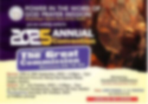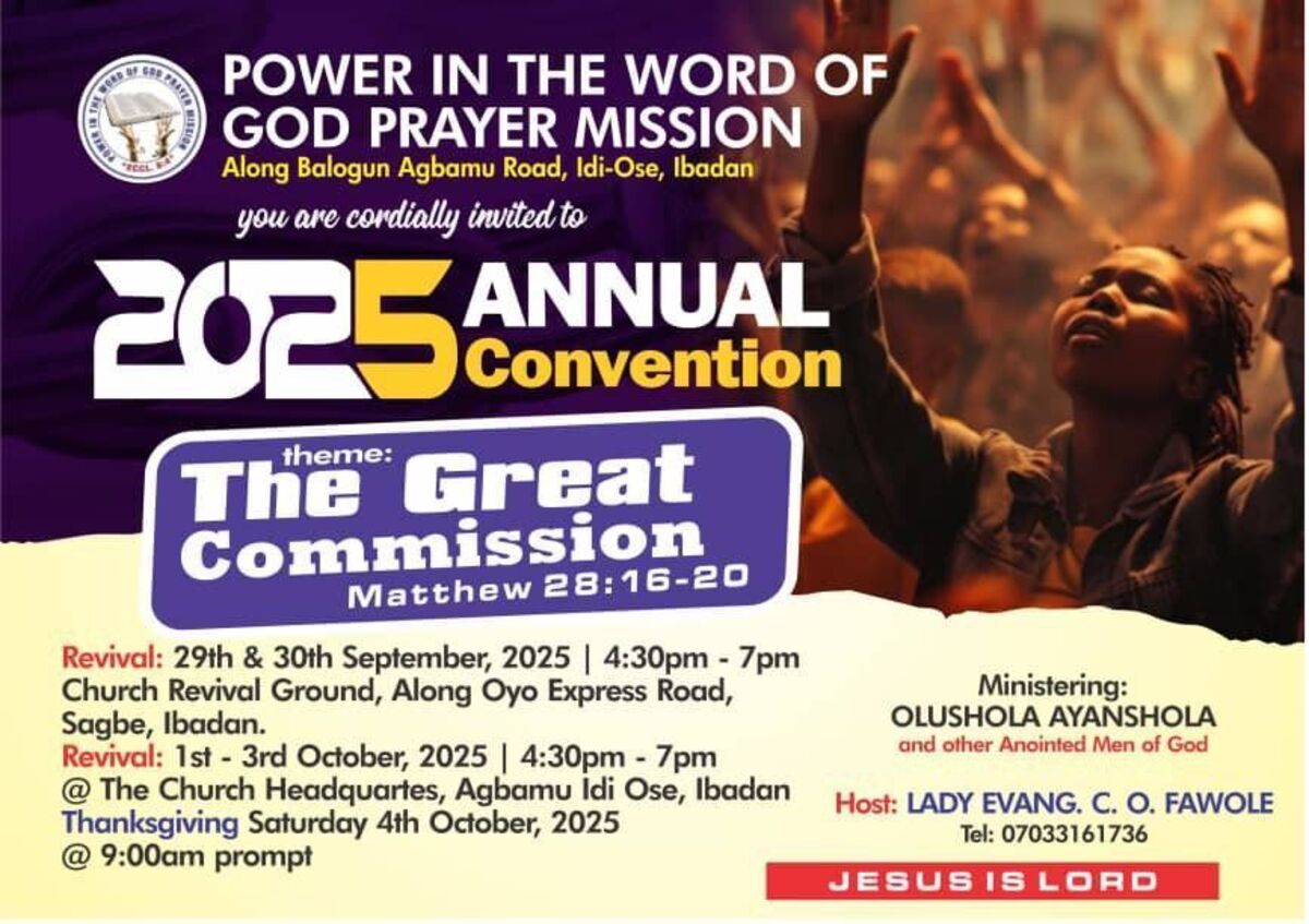Join us for the POWERDEM CONVENTION 2025, a significant spiritual gathering hosted by Power in the Word of God Prayer Mission - Powerdem. This event features a series of Revival services and a grand Thanksgiving celebration, designed to uplift and inspire attendees through powerful teachings, prayers, and worship. Experience the presence of anointed ministers, including Olushola Ayanshola and others, as they lead you into a transformative encounter with God. Hosted by Lady Evang. C. O. Fawole, this convention promises spiritual renewal, divine impartation, and a memorable time in God's presence. Don't miss this opportunity to be blessed and strengthened in faith! β¨π
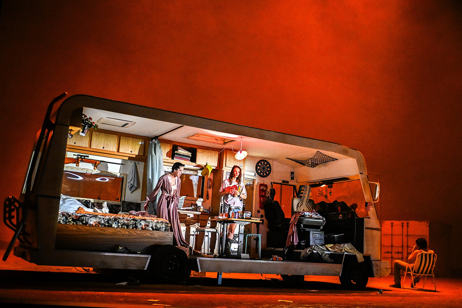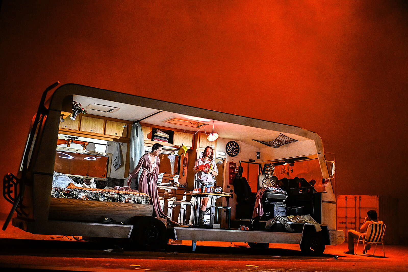 Der besondere Clou: Linnenbaum verlegt die Handlung, die ja laut Dramentext – der auch nicht geändert wurde – in einer kleinen Wohnung in New Orleans spielt, in einen Wohnwagen im Nirgendwo. Die von Bettina Meyer grandios gestaltete Bühne erinnert an Wim Wenders Film »Paris, Texas«, da ist die unendliche Weite, da beleuchten Straßenlaternen das Nichts, in dem eben jener Wohnwagen steht, davor eine schäbige Couch. Und natürlich ergibt das Sinn: Die armen US-Amerikaner der Gegenwart leben im Trailer. In der Realität stehen die in langen Reihen aufgereiht in riesigen Trailerparks; diese Enge, diese Form der Bedrängnis, will man hier nicht vermitteln, sondern stattdessen die trügerische Freiheit der offenen, weiten Ebene.
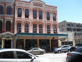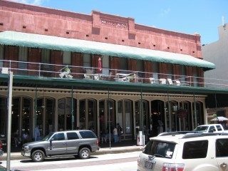 Then we went to The Strand, which was the sort of main street, financial center of the town before the 1900 hurricane. Now a lot of the Victorian buildings have been restored and are all restaurants and shops. (And there's the Moody Building at the far end, which is in a gorgeous white Art Deco style, which is still an office building.) (On one of my earlier trips, I posted a picture of the hurricane Ike high water line, which would have been two feet over my head, even standing on the sidewalks which are two feet or so above street level.) We shopped a lot.

+ + + + + + +

→ **YOUR GOAL**: The material should be returned verbatim, with all images omitted.

→ **RESPONSE TO THIS EXERCISE**:
Join us for the POWERDEM CONVENTION 2025, a significant spiritual gathering hosted by Power in the Word of God Prayer Mission - Powerdem. This event features a series of Revival services and a grand Thanksgiving celebration, designed to uplift and inspire attendees through powerful teachings, prayers, and worship. Experience the presence of anointed ministers, including Olushola Ayanshola and others, as they lead you into a transformative encounter with God. Hosted by Lady Evang. C. O. Fawole, this convention promises spiritual renewal, divine impartation, and a memorable time in God's presence. Don't miss this opportunity to be blessed and strengthened in faith! β¨π
 Der besondere Clou: Linnenbaum verlegt die Handlung, die ja laut Dramentext – der auch nicht geändert wurde – in einer kleinen Wohnung in New Orleans spielt, in einen Wohnwagen im Nirgendwo. Die von Bettina Meyer grandios gestaltete Bühne erinnert an Wim Wenders Film »Paris, Texas«, da ist die unendliche Weite, da beleuchten Straßenlaternen das Nichts, in dem eben jener Wohnwagen steht, davor eine schäbige Couch. Und natürlich ergibt das Sinn: Die armen US-Amerikaner der Gegenwart leben im Trailer. In der Realität stehen die in langen Reihen aufgereiht in riesigen Trailerparks; diese Enge, diese Form der Bedrängnis, will man hier nicht vermitteln, sondern stattdessen die trügerische Freiheit der offenen, weiten Ebene.
 Then we went to The Strand, which was the sort of main street, financial center of the town before the 1900 hurricane. Now a lot of the Victorian buildings have been restored and are all restaurants and shops. (And there's the Moody Building at the far end, which is in a gorgeous white Art Deco style, which is still an office building.) (On one of my earlier trips, I posted a picture of the hurricane Ike high water line, which would have been two feet over my head, even standing on the sidewalks which are two feet or so above street level.) We shopped a lot.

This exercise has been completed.